Zahorodny, “Bunlar, bir etki uygulayan gerçek etkiler, ancak yüksek orandaki otizm prevalansını açıklamak için yeterli değil” diyor.

“Bu önemli artışa katkıda bulunan henüz tanımlanmamış çevresel riskler var; bir çocuğun utero gelişiminde veya doğum komplikasyonları veya yenidoğan dönemine bağlı olarak etkileyebilecek faktörler. Otizm için genetik olmayan tetikleyicilere daha fazla araştırmaya ihtiyacımız var.”

Erken tanı anahtardır

Bu bulgulardan eve dönme mesajı, teşhisin daha erken gerçekleşmesi gerektiğidir. Örneğin, ASD tanısı alan çocukların yarısından daha azının 4 yaşından önce tanılarını aldıklarını bulmuşlardır.

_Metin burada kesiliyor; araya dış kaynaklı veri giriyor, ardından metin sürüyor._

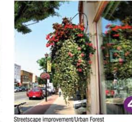
Streetscape improvement/Urban Forest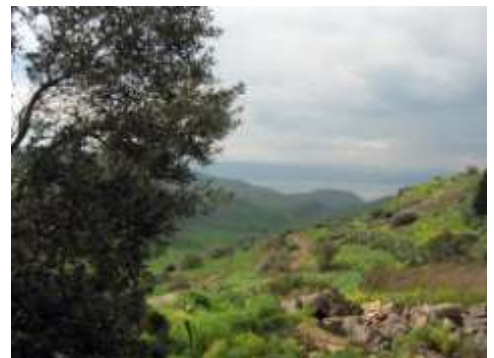
The Golan Heights

Ezekiel 38:8 says. “ After many days thou shalt be visited: in the latter years thou shalt come into the land that is brought back from the sword, and is gathered out of many people, against the mountains of Israel, which have been always waste: but it is brought forth out of the nations, and they shall dwell safely all of them. ” Ezekiel 39:2 states, “ And I will turn thee back, and leave but the sixth part of thee, and will cause thee to come up from the north part, and will bring thee upon the mountains of Israel. ”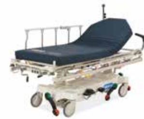
HILL-ROM® ELECTRIC STRETCHER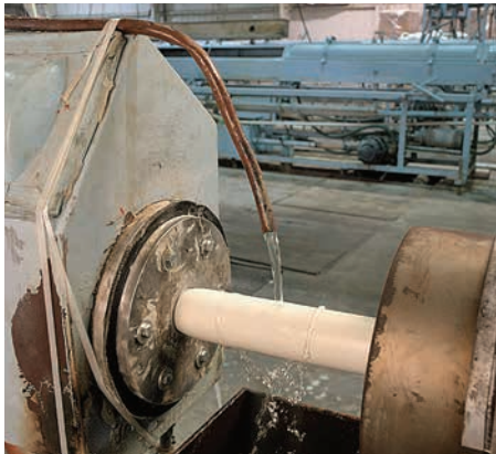
(Right) A plastics manufacturer uses vacuum during the extrusion process to rid PVS pipe of process contaminants.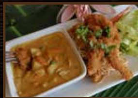
CRISPY CHICKEN YELLOW CURRY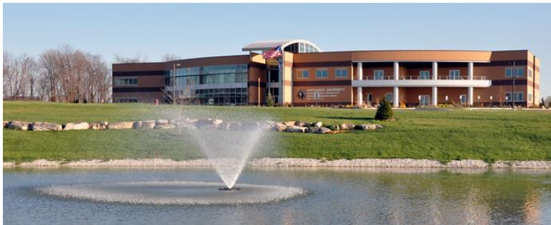
VUGC, Gibson Center for Advanced Manufacturing and Logistics, Fort Branch, Indiana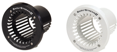
Optional round covers available in the colors black, gray, and white.

Consult your physician before attempting any strenuous exercise. This product may not be challenging or satisfying for all levels of exercise.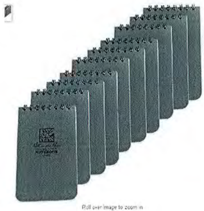
Roll over image to zoom in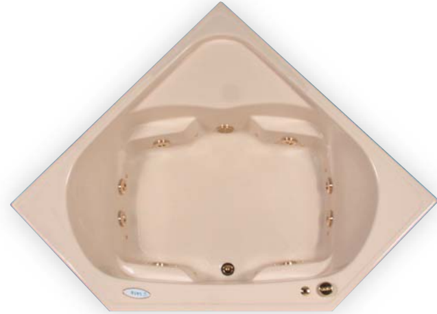
NIAGARA Acrylic MODEL# AD6060DS 60"L x 60"L x 29 3/4" W x 29 3/4" W x 21"H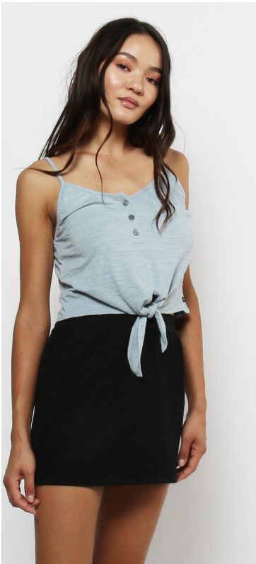
JC3510 HAILEY SKIRT

BLACK | BLUE XS - L | 75% POLYESTER 25% COTTON USA: w/s $22 msrp $44 CAN: w/s $25 msrp $50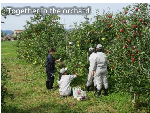
Together in the orchard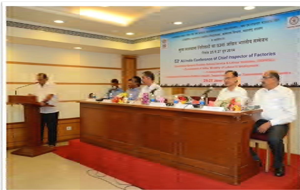
Shri Hasan Mushrif, the Hon'ble Minister for Labour and Special Assistance, Govt. of Maharashtra delivering special address in the 53 rd CIF Conference

Shri Hasan Mushrif, the Hon'ble Minister for Labour and Special Assistance, Govt. of Maharashtra in his address expressed his happiness that the Conference is being organized in Mumbai, Maharashtra which is a leading industrial city in India. In his address he also stressed upon the importance of enforcing the Factories Act, 1948. He urged upon all the Chief Inspectors of Factories present to enforce safety measures and methodologies so that accidents in the factories are considerably brought down.

Ayrıca, ASD’li çocukların yüzde 85’inin 3 yaşına gelindiğinde gelişmeleriyle ilgili kaygılarını gösteren tıbbi notlar olmasına rağmen, bunların sadece yüzde 42’si gelişimsel bir değerlendirme almıştır.

Shapira, “Ebeveynler çocuklarının gelişimini takip edebilir ve bir endişe varsa erken hareket edebilirler.” “Sağlık hizmeti sağlayıcıları, ebeveynlerin bu endişelere karşı harekete geçmelerine yardım edebilir ve yardımcı olabilir.”

“Ve çocuklar adına ya da çocuklar adına çalışanlar, otizmli tüm çocukların mümkün olan en erken zamanda ihtiyaç duydukları hizmetlerle özdeşleştiğinden emin olmak için güçlerini birleştirebilirler” diye ekliyor. “Birlikte, bir çocuğun geleceğini geliştirebiliriz.”

ADDM’nin bir sonraki raporu, 2016 yılında 8 olan çocuklardan veri sağlayacaktır. Bu bilgiler eklendiğinde, otizm oranlarının artıp artmadığını veya kimlik oranlarında bir değişiklik olup olmadığını görmeyi kolaylaştıracaktır.